# EXERCISE INSTRUCTIONS
Word for word, copy the records and drop the pictures.

# SOURCE MATERIAL
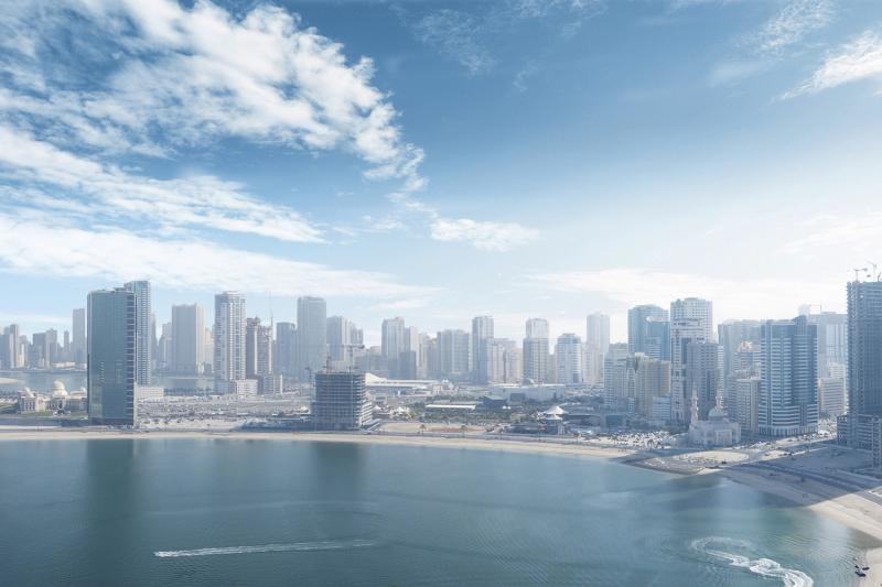 This mesmerizing residential tower is located in-between Dubai and Sharjah. Infront highlights the beachfront of Al Mamzar area.
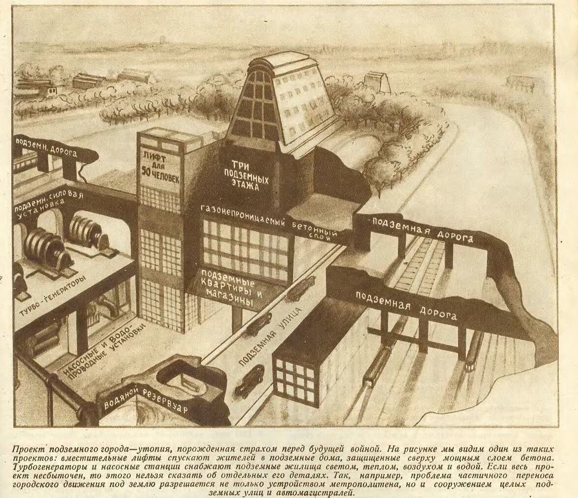 Архитектура - вечный поиск чего-то нового, интересного. Хотя Советский союз и ассоциируется у нас в первую очередь с хрущевками, советским урбанистам, футурологам и архитекторам необходимо отдать должное. Порой они предлагали действительно колоссальные идеи, которые к сожалению, не нашли поддержку у руководства. Подземные дома - мечта урбанистов 30-х После Октябрьской революции и гражданской войны тема обороны городов была очень популярна. Ее подхватили и развили урбанисты. Например, отдельными архитекторами было внесено такое предложение: строить города под землей, оставляя сверху лишь необходимые средства противовоздушной обороны. Журнал «Техника - молодежи» за январь 1937 года содержал проект такого урбанистического города, в который можно попасть только на больших лифтах. Сверху конструкция защищалась толстенным бетонным пластом. Подача необходимых тепла, воздуха, воды и света происходит при помощи насосов и генераторов, присоединенных к паровым или газовым турбинам. Кроме того, в
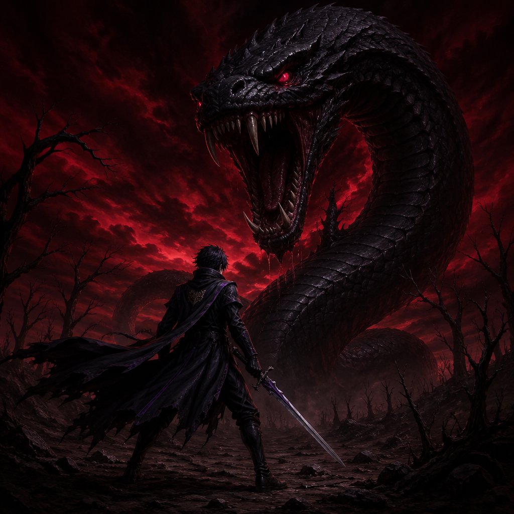 They sky is a deep red color and the clouds are black. At a distance you can see a huge serpent that is all black and has glowing red eyes and sharp teeth. Standing in front of the serpent is an 18 year old prince who has black hair with purple stripes. He stands looking at the serpent holding a sword and is ready to fight. The serpent looks on the prince with an open mouth and is looking down at him. There are trees around them that are dead. The ground is nothing but dirt.
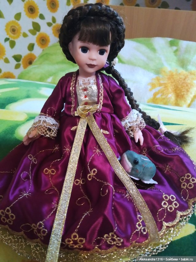 А кто такая у вас черноглазая девочка в фиолетовом длинном платье, черная коса вокруг головы и сбоку свисает? Очень красивая она.
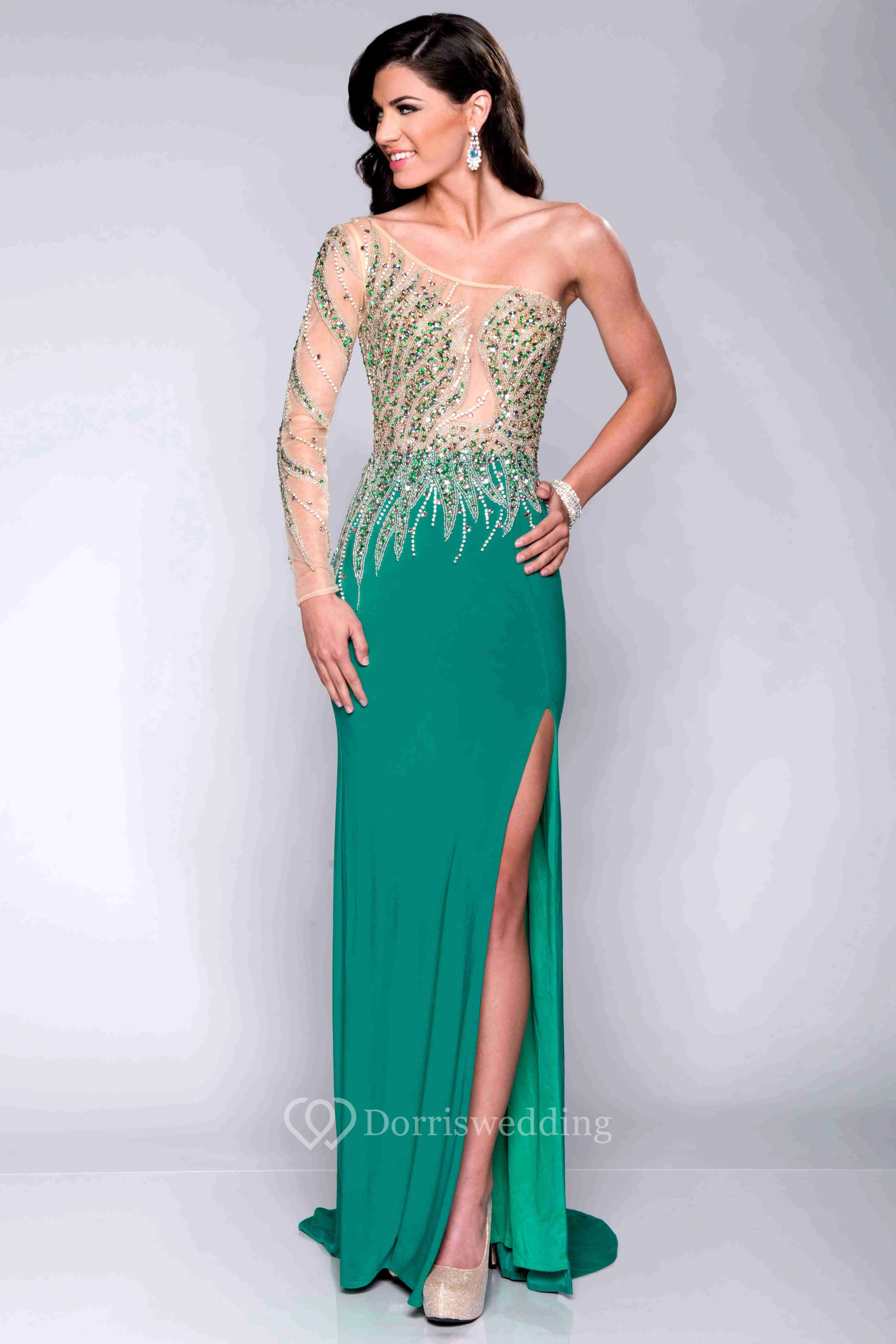 One-Shoulder Column Jersey Prom Dress With Sequined Bodice And Side Slit
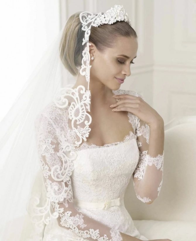 - мантилья – модель, требующего особого крепления. Поверх головы она укладывается как изысканный кружевной платок, ниспадающий на плечи. Эта фата должна быть легкой, невесомой, лишь по краю декорированной кружевной вышивкой. Прическа под такую фату – это гладкая, стильная укладка;
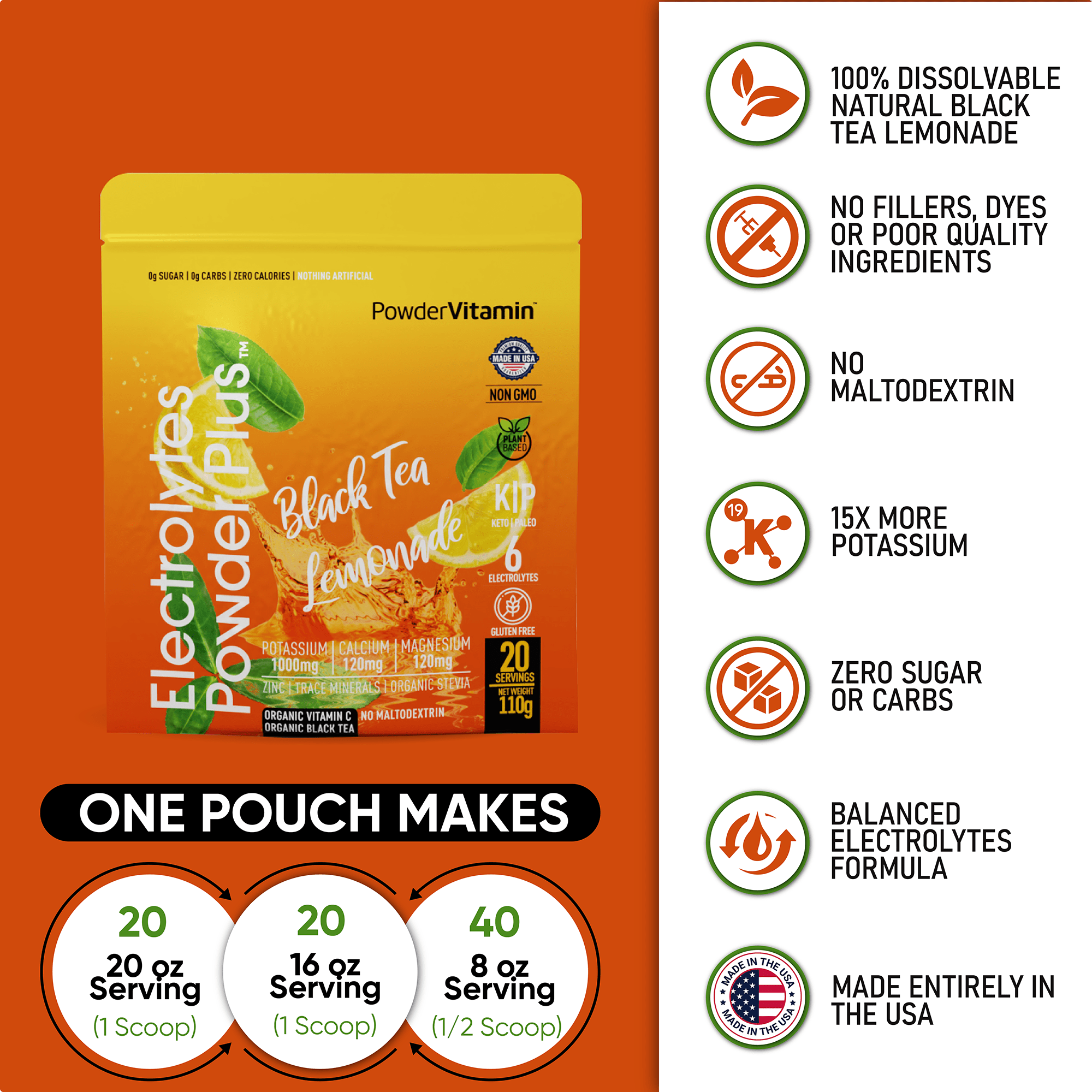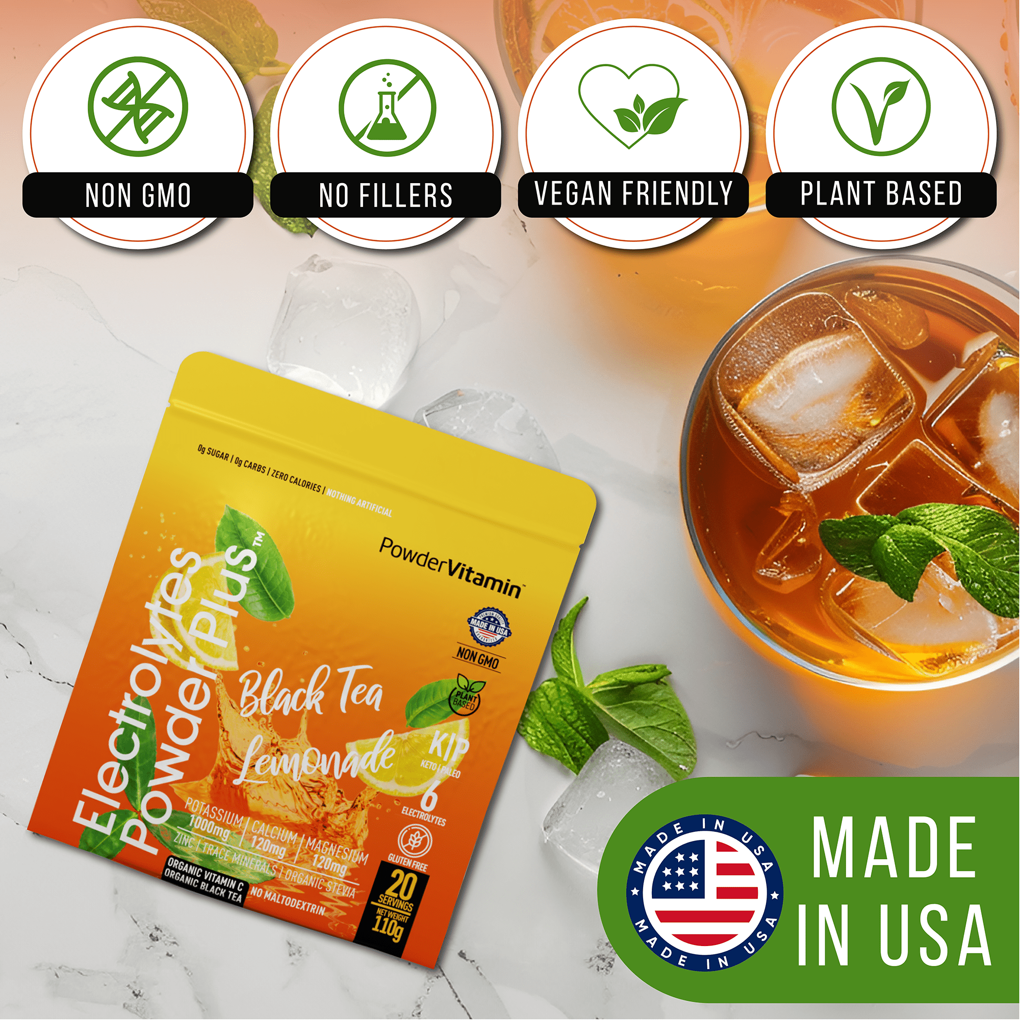 No, no and no! We promise, we never use synthetic colors, artificial flavors or sweeteners. All PowderVitamin Electrolytes Powder Plus colors and flavors come from fruit and vegetable extracts. Our sweetener is Organic Stevia Leaf Extract free of Maltodextrin. We also do not use any stimulants like caffeine. And our products are gluten-free, vegan, Paleo, Keto and Non-GMO.
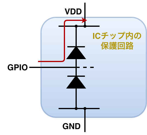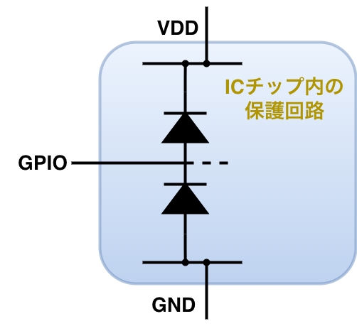 ICチップの電源がオフ状態で、短絡チェックのために仮にI/Oピンにこれ以上の電圧がかかった場合、GPIOピン → ダイオード → VDDという経路で電流が流れ込み、IC内部の他の回路に供給され悪影響を与える可能性があります。
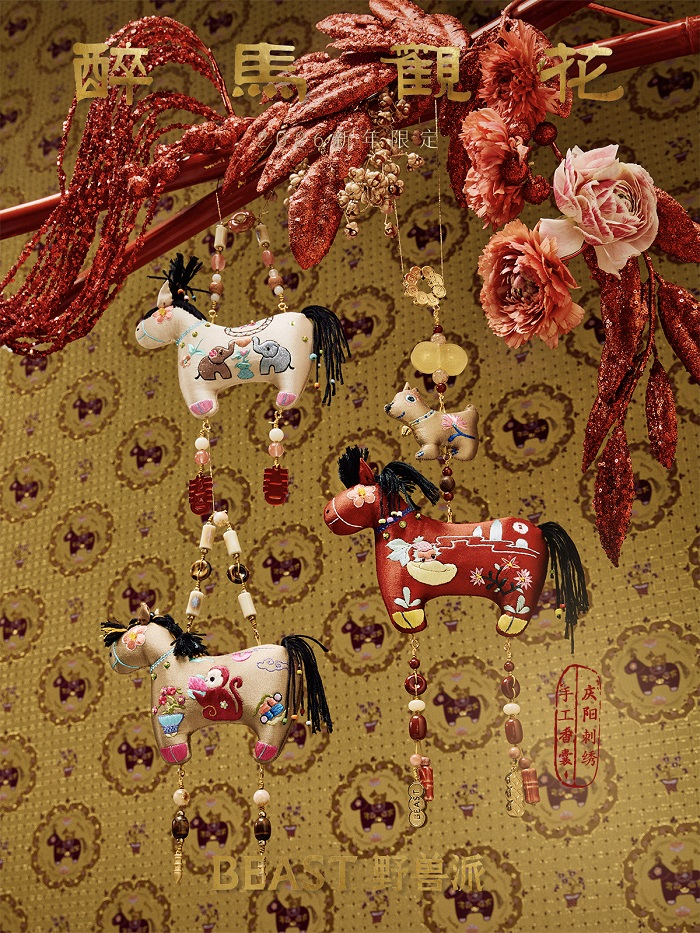 不同于传统拍摄现场,野兽派的马年大片更像一场正在发生的新春准备:朱扉开启,灯火渐明,针线、剪纸与彩珠依次铺开,年意在手作之间慢慢成形。三位艺人分别参与不同工艺体验,各自留下属于马年的一笔。
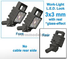 - 10x Werklampen VIERKANT (5x462154) 3x3 mm, SCHUIN GERICHT 3D L.E.D.-Look Glas effect ZONDER Kabel, montage pen ACHTERKANT, MET handgreep 1:32 NB2B

# TASK ANSWER
 This mesmerizing residential tower is located in-between Dubai and Sharjah. Infront highlights the beachfront of Al Mamzar area.
 Архитектура - вечный поиск чего-то нового, интересного. Хотя Советский союз и ассоциируется у нас в первую очередь с хрущевками, советским урбанистам, футурологам и архитекторам необходимо отдать должное. Порой они предлагали действительно колоссальные идеи, которые к сожалению, не нашли поддержку у руководства. Подземные дома - мечта урбанистов 30-х После Октябрьской революции и гражданской войны тема обороны городов была очень популярна. Ее подхватили и развили урбанисты. Например, отдельными архитекторами было внесено такое предложение: строить города под землей, оставляя сверху лишь необходимые средства противовоздушной обороны. Журнал «Техника - молодежи» за январь 1937 года содержал проект такого урбанистического города, в который можно попасть только на больших лифтах. Сверху конструкция защищалась толстенным бетонным пластом. Подача необходимых тепла, воздуха, воды и света происходит при помощи насосов и генераторов, присоединенных к паровым или газовым турбинам. Кроме того, в
 They sky is a deep red color and the clouds are black. At a distance you can see a huge serpent that is all black and has glowing red eyes and sharp teeth. Standing in front of the serpent is an 18 year old prince who has black hair with purple stripes. He stands looking at the serpent holding a sword and is ready to fight. The serpent looks on the prince with an open mouth and is looking down at him. There are trees around them that are dead. The ground is nothing but dirt.
 А кто такая у вас черноглазая девочка в фиолетовом длинном платье, черная коса вокруг головы и сбоку свисает? Очень красивая она.
 One-Shoulder Column Jersey Prom Dress With Sequined Bodice And Side Slit
 - мантилья – модель, требующего особого крепления. Поверх головы она укладывается как изысканный кружевной платок, ниспадающий на плечи. Эта фата должна быть легкой, невесомой, лишь по краю декорированной кружевной вышивкой. Прическа под такую фату – это гладкая, стильная укладка;
 No, no and no! We promise, we never use synthetic colors, artificial flavors or sweeteners. All PowderVitamin Electrolytes Powder Plus colors and flavors come from fruit and vegetable extracts. Our sweetener is Organic Stevia Leaf Extract free of Maltodextrin. We also do not use any stimulants like caffeine. And our products are gluten-free, vegan, Paleo, Keto and Non-GMO.
 ICチップの電源がオフ状態で、短絡チェックのために仮にI/Oピンにこれ以上の電圧がかかった場合、GPIOピン → ダイオード → VDDという経路で電流が流れ込み、IC内部の他の回路に供給され悪影響を与える可能性があります。
 不同于传统拍摄现场,野兽派的马年大片更像一场正在发生的新春准备:朱扉开启,灯火渐明,针线、剪纸与彩珠依次铺开,年意在手作之间慢慢成形。三位艺人分别参与不同工艺体验,各自留下属于马年的一笔。
 - 10x Werklampen VIERKANT (5x462154) 3x3 mm, SCHUIN GERICHT 3D L.E.D.-Look Glas effect ZONDER Kabel, montage pen ACHTERKANT, MET handgreep 1:32 NB2B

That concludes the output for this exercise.